Speaking to Nathan Vardi of Forbes Magazine this week, Wynn said that he previously had only misconceptions about online poker.
"I thought it would be difficult to regulate, and if the Internet people got in trouble it would bring the wrath of the government down on us in the live gaming community out here in Las Vegas. I didn't see the business opportunity, I just saw problems, he said."
Then he was approached by the Democratic Party Nevada Senator Harry Reid, Wynn recalls.
"Harry Reid called me and said, 'Steve, there are millions of people playing poker, and it's as American as apple pie. I want my office to look into this and see if we can regulate it.'
"Harry and I have been friends for 40-odd years, we ran marathons together. . . . And I got contacted by the people at PokerStars, who asked, 'Why are you not interested in this? Take a minute and learn the truth about this.'
"That began my exposure to that company and that business and what they do, and I have to tell you I was shocked."
Wynn explained that he had had no idea on a number of aspects of online poker, such as Pokerstars being highly regulated in Europe, employing 1 300 highly skilled people with an average salary is $110,000.
"One of my concerns was about young people playing," said Wynn. "It turns out they have more control about young people playing than we do."
Wynn went on to rationalise the Pokerstars argument regarding the legality of online poker in the United States, namely that the Justice Department opinion is untested in the courts, and that at state level there have been rulings that poker is a game more of skill than of chance.
"I say there is a bit of sophistry here clearly," Wynn told the Forbes writer. "What difference does it make what PokerStars or the Justice Department says?
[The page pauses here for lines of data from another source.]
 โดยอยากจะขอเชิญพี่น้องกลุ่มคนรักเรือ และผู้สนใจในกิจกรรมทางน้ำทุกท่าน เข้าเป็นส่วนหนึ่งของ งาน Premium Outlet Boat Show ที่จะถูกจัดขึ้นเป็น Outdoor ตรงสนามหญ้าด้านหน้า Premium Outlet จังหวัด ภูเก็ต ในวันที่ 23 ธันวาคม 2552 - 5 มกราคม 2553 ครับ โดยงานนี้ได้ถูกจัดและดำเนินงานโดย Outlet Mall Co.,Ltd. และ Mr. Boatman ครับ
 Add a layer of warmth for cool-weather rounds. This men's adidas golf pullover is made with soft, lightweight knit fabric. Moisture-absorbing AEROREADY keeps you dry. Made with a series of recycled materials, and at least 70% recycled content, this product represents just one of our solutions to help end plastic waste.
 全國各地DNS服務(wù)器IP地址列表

The point is millions of people are playing poker, and they are going to continue to play poker legally or illegally."
Wynn makes the surprising admission that he is not a technophobe, preferring to rely on his staff when it comes to computer and internet issues.
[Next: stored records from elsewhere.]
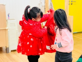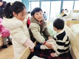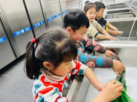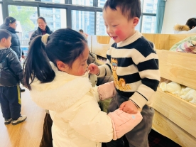 瞧!大二班的小朋友们正非常热情的为小班的弟弟妹妹们服务呢。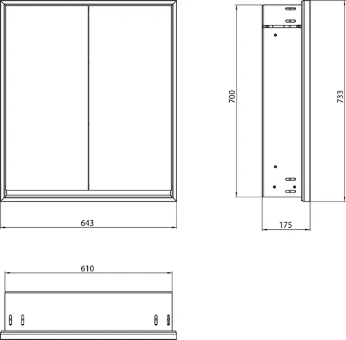 - Maße (BxTxH): 643 x 175 x 733 mm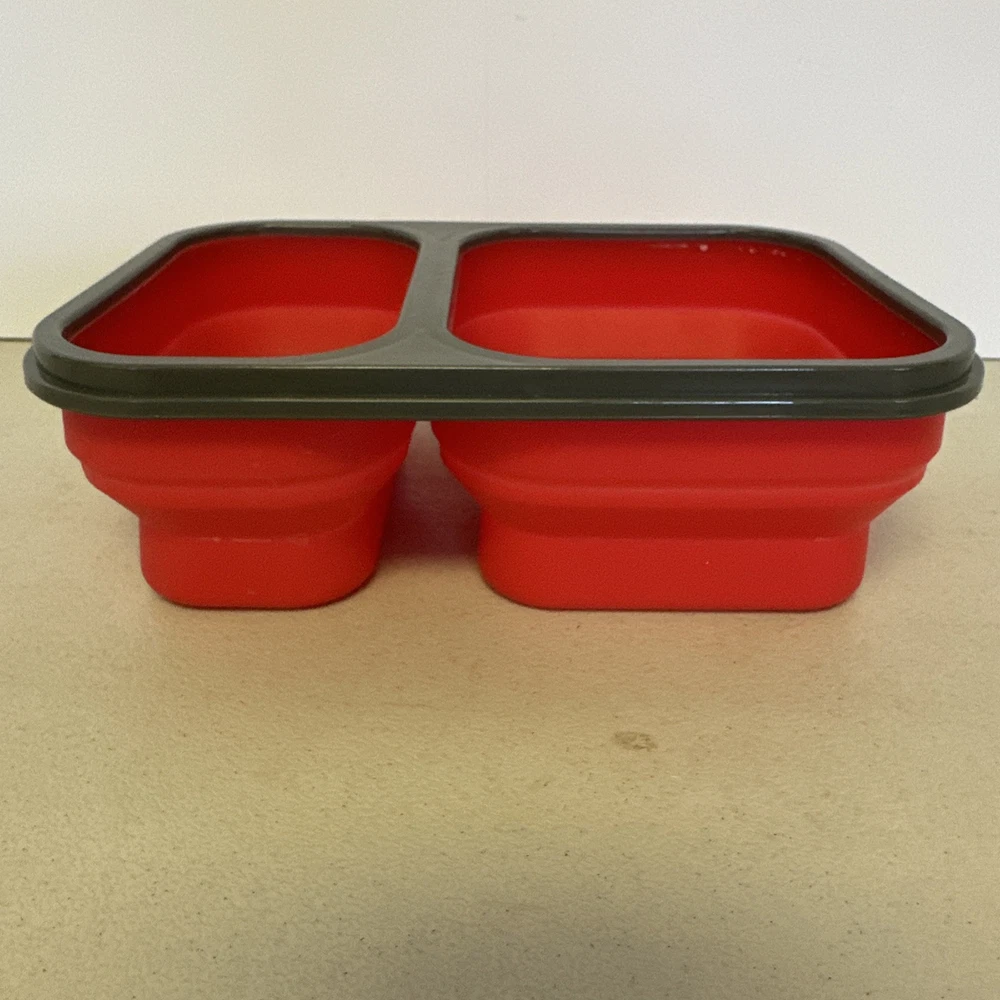 Eco One Bento Box Collapsible 3 Section BPA Free Silicone Lunch Box Red

The land gambling mogul gives an interesting insight into his dealings with Pokerstars founder and owner Isai Scheinberg, who explained his motivation for a partnership by saying that Pokerstars had a multitude of American customers, and the company therefore wanted to "do it right".
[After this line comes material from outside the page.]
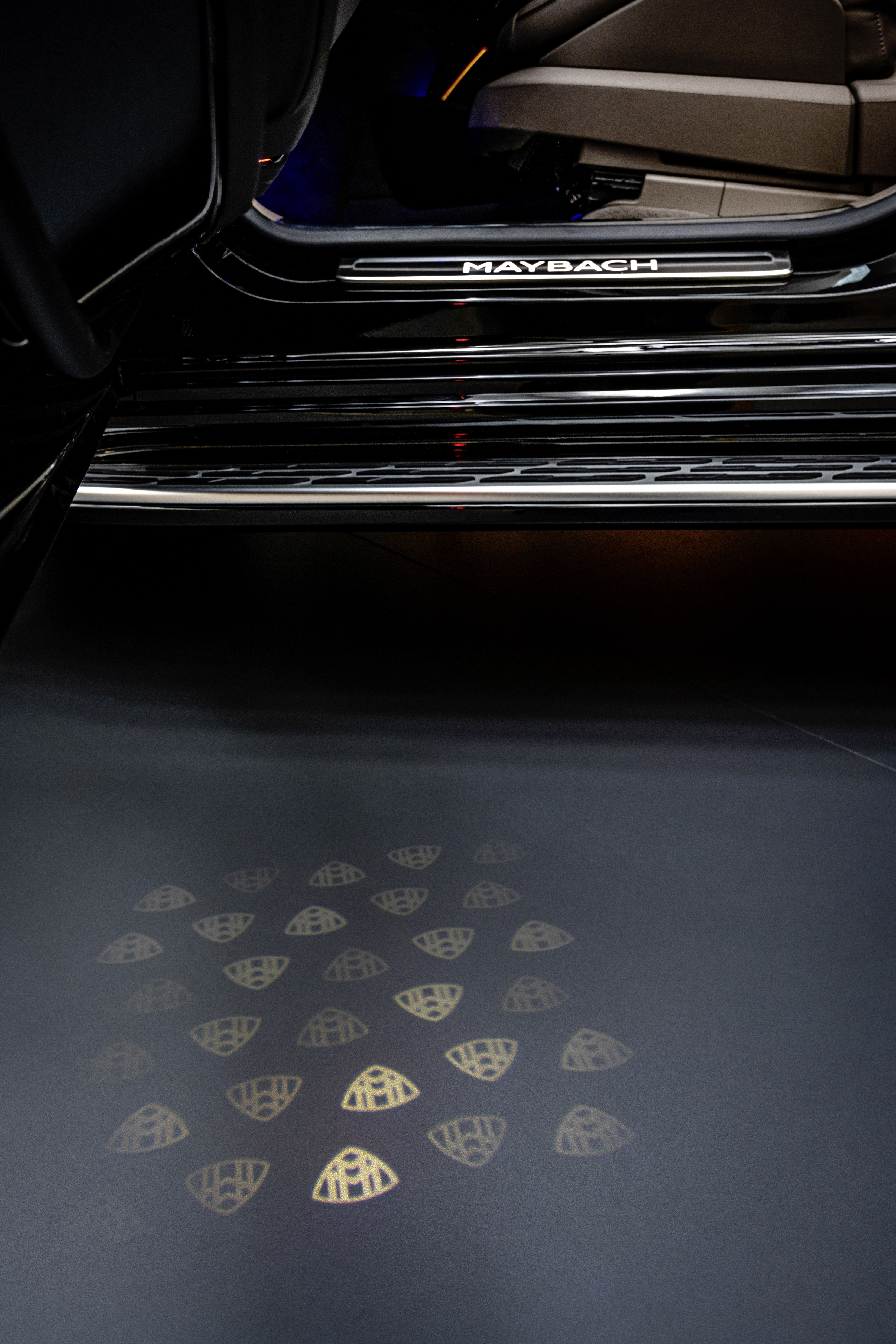 디자인 요소로 곳곳에 통합된 마이바흐 엠블럼은 브랜드 특유의 고급스러운 외관을 강조합니다. 스테인리스 스틸 페달 시스템, 헤드레스트의 쿠션, 앞좌석 등받이, 그리고 뒷좌석의 풋웰을 장식하고 있습니다. 퍼스트 클래스 리어와 함께 뒷좌석 사이의 우드 트림에서도 찾아볼 수 있습니다. 트렁크를 열면 테일게이트 안쪽 안감에서도 볼 수 있습니다. 브랜드 레터링은 스티어링 휠을 차별화하며, 스테인리스 스틸 도어 실에 조명을 비춰 모든 탑승객을 환영합니다.

Scheinberg apparently told Wynn: "I don't want to look over my shoulder at this point of my life."
Wynn responded by emphasising that he would only take his company into a putative online gambling venture if it was legalised at federal level, and if it was a 50-50 deal.
"I know that as a nonbeliever I was convinced by the logic of the argument," Wynn said. "And when I learn something and change my mind I may have the naive notion that other people might be enlightened by the facts themselves."
But he ended on a cautionary note, warning that his conversion "...doesn't mean I am right, especially in Washington."